# Buzzing gas valve?



## Go_Cyclones (Oct 23, 2021)

Hi,

The past two years, early in the heating season, I am getting a loud buzzing noise from my boiler, which seems like it is coming from the electronically controlled natural gas valve. The unit is a Slant Fin 90,000 BTU hot water boiler.
From what I have found online, the buzzing could be caused by too high gas pressure from the supply line. 

Has anyone else seen this?
If that is the case, is it common to use a pressure regulator?

The problem has fixed itself the last two years, after it gets consistently cold outside.
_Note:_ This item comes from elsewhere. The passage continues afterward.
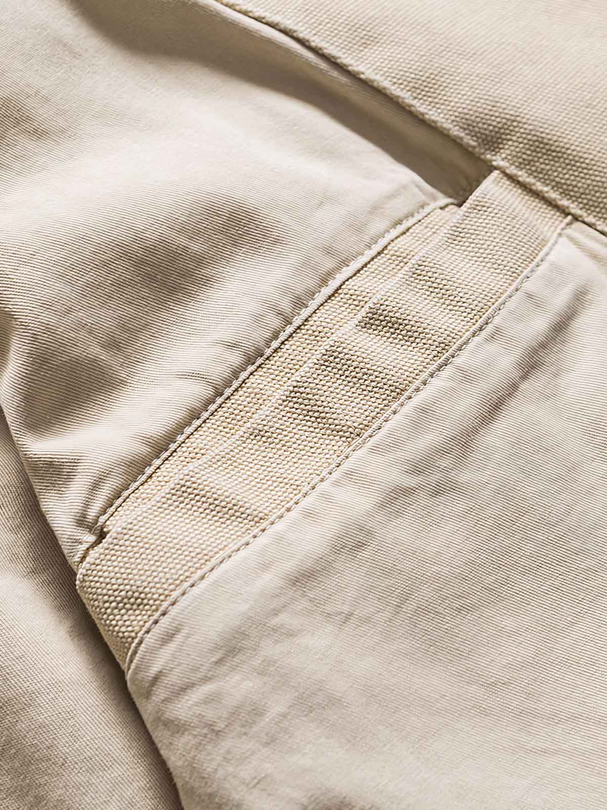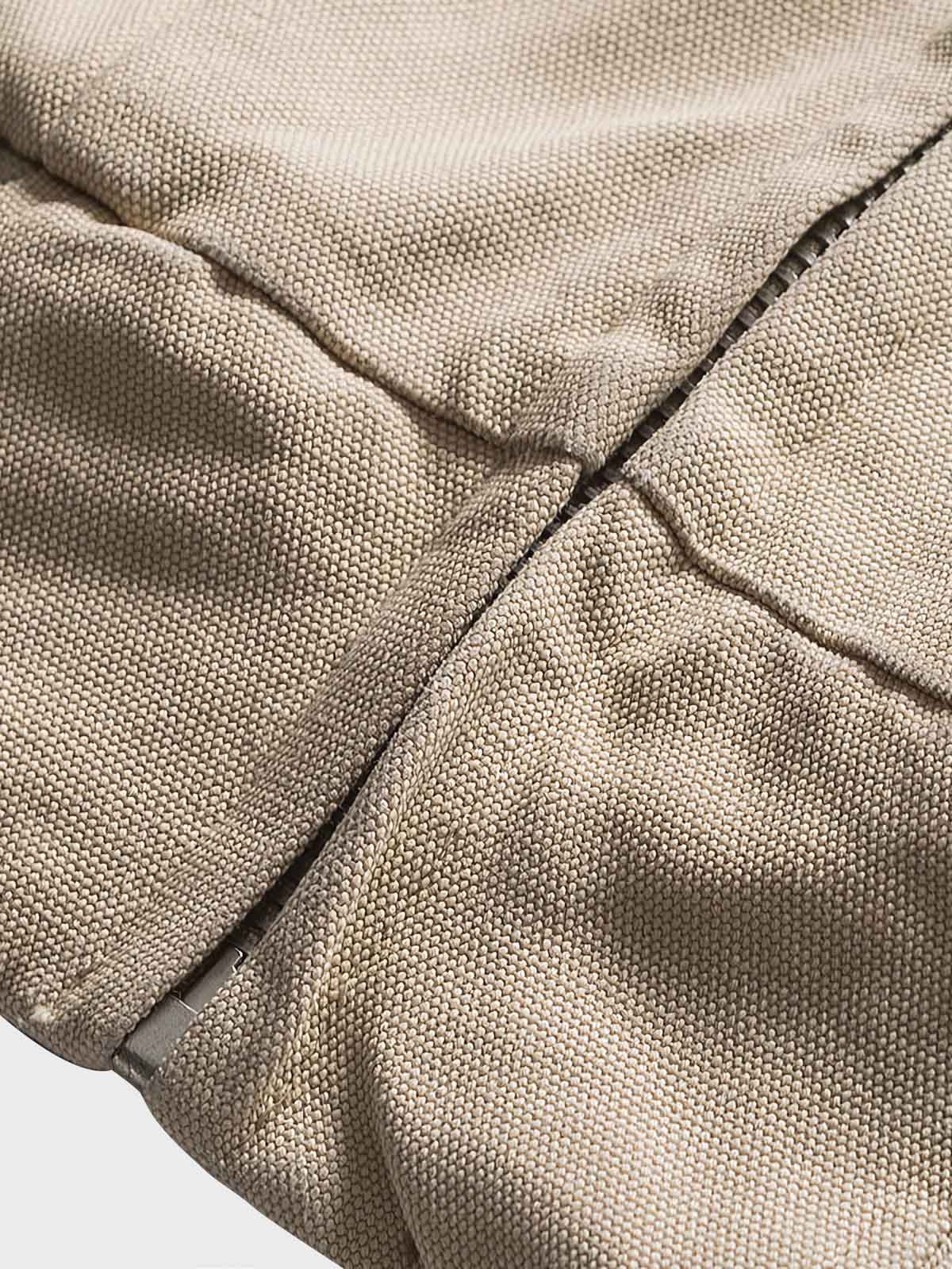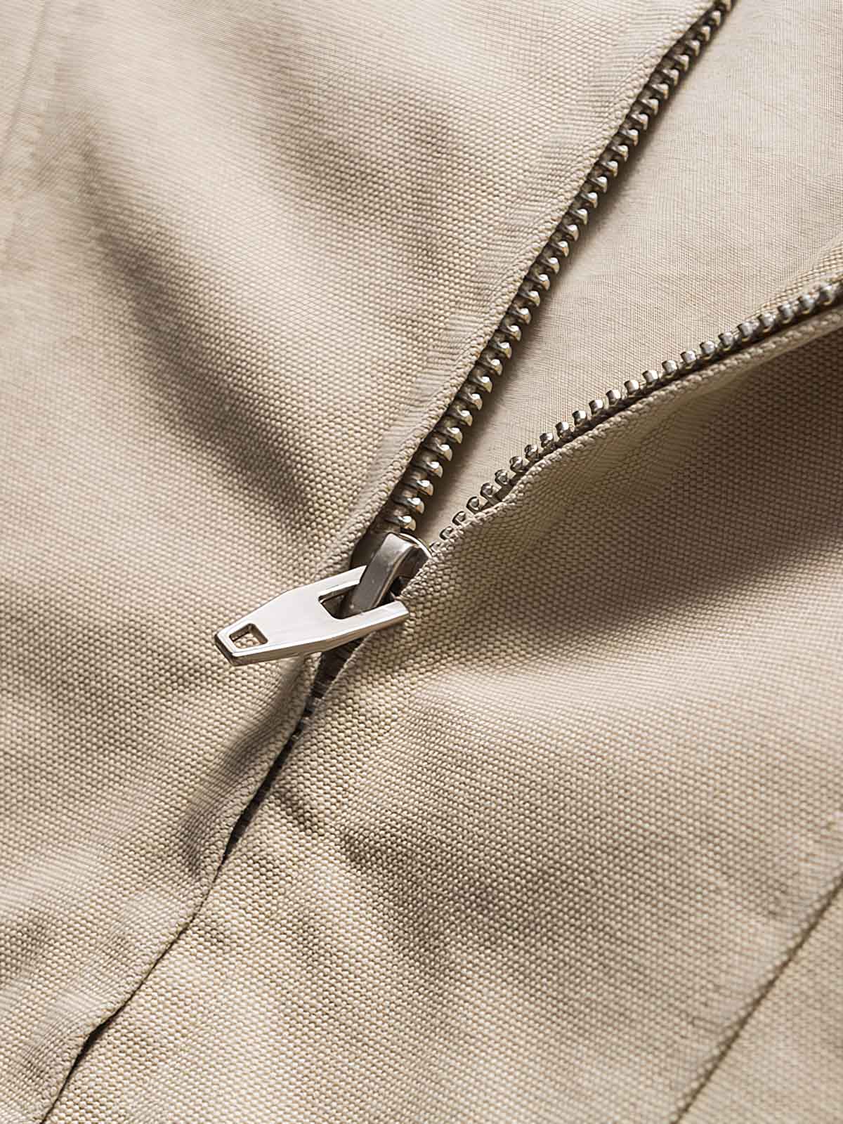 シルエットはリラックスフィットで、運動性を損なうことなく快適な着用感を実現しています。袖口と裾のリブニットは体のラインを拾いつつ、自由な動きを妨げない設計になっており、都市生活におけるアクティブな動きに対応します。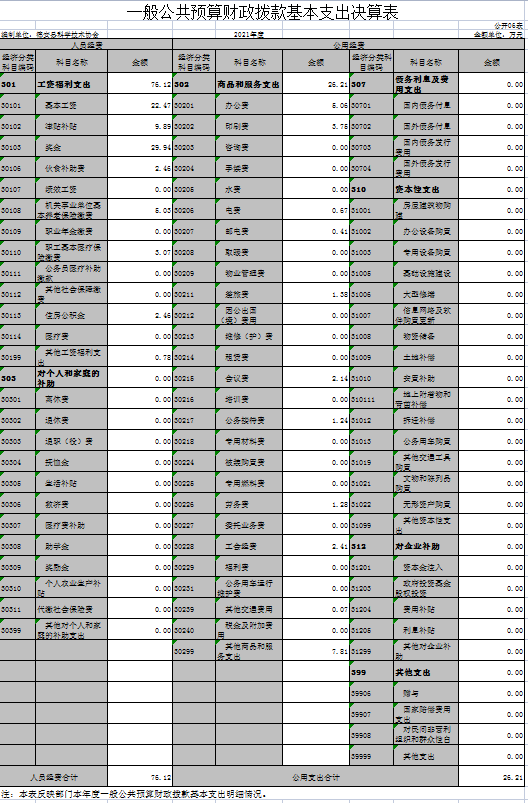 2、支出情况。2021年度支出总计114.20万元,其中:基本支出92.71万元,项目支出21.5万元。

My theory is that with high enough demand, the gas supply pressure is lowered to the point where it is not a problem for the valve.
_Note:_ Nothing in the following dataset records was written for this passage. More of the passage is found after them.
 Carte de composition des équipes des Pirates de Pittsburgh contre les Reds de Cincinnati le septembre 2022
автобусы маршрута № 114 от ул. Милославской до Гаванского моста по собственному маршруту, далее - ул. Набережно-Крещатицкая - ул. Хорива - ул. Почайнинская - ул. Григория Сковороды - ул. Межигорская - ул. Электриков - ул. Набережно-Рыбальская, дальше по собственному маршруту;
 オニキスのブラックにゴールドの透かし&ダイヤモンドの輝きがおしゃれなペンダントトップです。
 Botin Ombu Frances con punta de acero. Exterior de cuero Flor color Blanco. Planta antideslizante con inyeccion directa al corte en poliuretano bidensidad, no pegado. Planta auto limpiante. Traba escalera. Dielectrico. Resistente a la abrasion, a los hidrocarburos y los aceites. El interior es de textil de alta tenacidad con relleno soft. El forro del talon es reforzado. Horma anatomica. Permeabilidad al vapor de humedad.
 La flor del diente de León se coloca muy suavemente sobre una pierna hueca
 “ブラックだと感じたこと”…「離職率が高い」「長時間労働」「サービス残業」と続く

Any insight on this situation would be appreciated.


----------



## DogGod (Jul 7, 2021)




----------



## OpenSights (Mar 23, 2015)

Go_Cyclones said:


> Hi,
> 
> The past two years, early in the heating season, I am getting a loud buzzing noise from my boiler, which seems like it is coming from the electronically controlled natural gas valve. The unit is a Slant Fin 90,000 BTU hot water boiler.
> From what I have found online, the buzzing could be caused by too high gas pressure from the supply line.
> ...


If you’re a professional plumber/HVAC you should know.


----------



## Go_Cyclones (Oct 23, 2021)

Alright thanks anyways boys


----------



## Go_Cyclones (Oct 23, 2021)

Wrong thread


----------



## dhal22 (Jul 30, 2010)

Go_Cyclones said:


> Wrong thread


Wrong website. We don't work for free.


----------



## Logtec (Jun 3, 2018)




----------